*** Entries shown Section Begins ***

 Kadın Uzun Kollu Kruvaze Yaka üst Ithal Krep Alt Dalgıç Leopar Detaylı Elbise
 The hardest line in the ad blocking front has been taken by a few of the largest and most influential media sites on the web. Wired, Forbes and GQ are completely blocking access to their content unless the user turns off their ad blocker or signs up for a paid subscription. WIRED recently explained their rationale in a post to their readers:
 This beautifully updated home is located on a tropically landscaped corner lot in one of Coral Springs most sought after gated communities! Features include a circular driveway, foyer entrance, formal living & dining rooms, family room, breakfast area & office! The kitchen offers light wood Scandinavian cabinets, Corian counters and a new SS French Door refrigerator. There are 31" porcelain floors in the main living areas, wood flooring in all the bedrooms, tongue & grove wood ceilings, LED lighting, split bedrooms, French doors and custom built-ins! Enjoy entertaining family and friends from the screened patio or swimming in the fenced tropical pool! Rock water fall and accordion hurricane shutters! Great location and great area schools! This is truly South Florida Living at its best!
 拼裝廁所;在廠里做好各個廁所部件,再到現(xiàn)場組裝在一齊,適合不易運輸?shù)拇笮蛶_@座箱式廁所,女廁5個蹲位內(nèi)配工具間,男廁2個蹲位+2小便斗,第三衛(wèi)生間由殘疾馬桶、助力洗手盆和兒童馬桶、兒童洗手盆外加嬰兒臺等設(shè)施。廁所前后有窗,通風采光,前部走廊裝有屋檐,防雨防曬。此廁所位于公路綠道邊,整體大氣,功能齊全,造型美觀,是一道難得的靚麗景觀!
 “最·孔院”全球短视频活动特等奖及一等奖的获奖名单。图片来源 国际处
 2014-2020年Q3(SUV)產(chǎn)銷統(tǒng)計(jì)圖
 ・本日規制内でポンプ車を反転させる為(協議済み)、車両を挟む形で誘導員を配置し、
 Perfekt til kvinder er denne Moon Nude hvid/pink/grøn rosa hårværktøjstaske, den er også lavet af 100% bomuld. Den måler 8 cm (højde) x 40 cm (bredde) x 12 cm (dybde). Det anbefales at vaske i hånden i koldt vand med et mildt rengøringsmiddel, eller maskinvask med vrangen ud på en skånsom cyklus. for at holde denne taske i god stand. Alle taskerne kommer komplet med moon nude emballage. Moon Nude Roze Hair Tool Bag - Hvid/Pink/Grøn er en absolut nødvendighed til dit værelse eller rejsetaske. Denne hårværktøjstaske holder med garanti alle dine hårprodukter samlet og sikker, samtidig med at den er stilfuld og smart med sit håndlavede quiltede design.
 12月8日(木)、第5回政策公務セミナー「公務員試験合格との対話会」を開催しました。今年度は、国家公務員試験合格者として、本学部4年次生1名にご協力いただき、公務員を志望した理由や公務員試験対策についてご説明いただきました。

*** Entries shown Section Ends ***
*** Entries shown Section Begins ***

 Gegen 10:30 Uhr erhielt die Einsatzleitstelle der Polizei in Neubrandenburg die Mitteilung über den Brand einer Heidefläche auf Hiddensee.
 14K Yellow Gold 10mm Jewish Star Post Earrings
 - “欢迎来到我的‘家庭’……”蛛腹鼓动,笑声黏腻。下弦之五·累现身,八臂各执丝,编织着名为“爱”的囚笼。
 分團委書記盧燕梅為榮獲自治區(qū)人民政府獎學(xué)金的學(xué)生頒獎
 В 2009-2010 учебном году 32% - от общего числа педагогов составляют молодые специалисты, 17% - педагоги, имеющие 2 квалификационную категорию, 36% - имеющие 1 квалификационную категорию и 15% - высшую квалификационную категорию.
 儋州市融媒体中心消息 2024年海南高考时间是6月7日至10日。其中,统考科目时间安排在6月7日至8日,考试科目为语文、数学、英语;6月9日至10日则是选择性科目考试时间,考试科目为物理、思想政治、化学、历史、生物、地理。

*** Entries shown Section Ends ***

▶ [Exercise] Transcribe the lines above between the line holding "Kadın Uzun Kollu" and the line holding "The hardest line", inclusive, exactly as they stand and with nothing added.

▶ [The completed task]
 Kadın Uzun Kollu Kruvaze Yaka üst Ithal Krep Alt Dalgıç Leopar Detaylı Elbise
 The hardest line in the ad blocking front has been taken by a few of the largest and most influential media sites on the web. Wired, Forbes and GQ are completely blocking access to their content unless the user turns off their ad blocker or signs up for a paid subscription. WIRED recently explained their rationale in a post to their readers:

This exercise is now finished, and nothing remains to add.